With Greene Aboard, Google Gets More Serious About Cloud
NEWS ANALYSIS: Google isn't often late to anything, but it was late to the cloud services business. It has catching up to do against AWS, IBM and Microsoft.SAN FRANCISCO—Diane Greene, co-founder of VMware 19 years ago, made her first public appearance representing her new employer, Google, at the company's March 23 GCP NEXT 2016 here at the cavernous Pier 48 warehouse. What was the significance of her appearance? Google is signaling to the entire IT world and to Wall Street that it is getting down to serious business in the cloud services and infrastructure markets. This is happening almost exactly 10 years after Amazon sprinted ahead of every other company by launching the first public storage cloud, S3 (Simple Storage Service), on March 14, 2006. Greene (pictured) hadn't been visible for about eight years, since she was unceremoniously let go from VMware by owner EMC in 2008. Not all the details of the leadership change were for public consumption, but her firing—and subsequent resignation of her VMware co-founder husband, Mendel Rosenblum—followed a serious and lingering culture clash between the old-school East Coast company and the laid-back California firm that still hasn't completely gone away. Moving Back into the IT Limelight
Greene and Rosenblum took some time off, then moved into the venture capital world. Greene joined the Google board of directors in 2012, then started Bebop, which Google acquired in January for $380 million. Bebop was making what it described as "a development platform that makes it easy to build and maintain enterprise applications." It is likely that Bebop’s IP has been, or eventually will be, subsumed into Google Cloud Platform.

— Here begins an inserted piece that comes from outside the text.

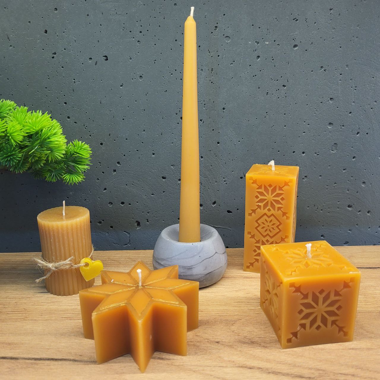 - матеріал: бджолиний віск, бетон

"We have Google Maps, Google Chrome, Android, Google Analytics—and our 'beyond productivity' office suite, Google Apps—that all of Google runs on," Greene said. "It's behind our culture. The collaboration, video conferencing, Hangouts, Drive, Gmail—it's what lets us be so communicative, so transparent, and so collaborative.
"There are things we can do in the virtualized environment through services, tools and tech that we can help startups get started," Greene said. "We need to get the word out about our differentiation in terms of open source, cost efficiencies and quality of of technology and our network. Google really is a network now."
The company currently has 16 major data centers around the world, with 10 more in the plans for 2016 and 2017.